[[ TASK MATERIAL, beginning ]]

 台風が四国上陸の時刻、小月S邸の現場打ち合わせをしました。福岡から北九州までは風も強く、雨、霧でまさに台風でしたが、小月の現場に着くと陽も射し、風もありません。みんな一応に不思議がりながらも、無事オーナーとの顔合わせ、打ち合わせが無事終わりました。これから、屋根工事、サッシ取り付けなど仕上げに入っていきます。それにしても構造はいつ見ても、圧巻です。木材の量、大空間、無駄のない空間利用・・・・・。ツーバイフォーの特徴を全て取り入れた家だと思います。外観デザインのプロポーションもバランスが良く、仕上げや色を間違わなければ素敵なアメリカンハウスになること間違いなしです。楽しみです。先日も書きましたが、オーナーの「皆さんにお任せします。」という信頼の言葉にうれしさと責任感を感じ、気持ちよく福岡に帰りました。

[[ TASK MATERIAL, end ]]
[[ TASK MATERIAL, beginning ]]

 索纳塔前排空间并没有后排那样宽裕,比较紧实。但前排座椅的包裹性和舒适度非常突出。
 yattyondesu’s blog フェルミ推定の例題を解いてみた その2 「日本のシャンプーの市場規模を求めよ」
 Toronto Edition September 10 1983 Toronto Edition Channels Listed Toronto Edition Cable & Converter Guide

[[ TASK MATERIAL, end ]]

Retype only this portion of the data above: the line containing "索纳塔前排空间并没有后排那样", the line containing "Toronto Edition September", and all lines between them, exactly.

 索纳塔前排空间并没有后排那样宽裕,比较紧实。但前排座椅的包裹性和舒适度非常突出。
 yattyondesu’s blog フェルミ推定の例題を解いてみた その2 「日本のシャンプーの市場規模を求めよ」
 Toronto Edition September 10 1983 Toronto Edition Channels Listed Toronto Edition Cable & Converter Guide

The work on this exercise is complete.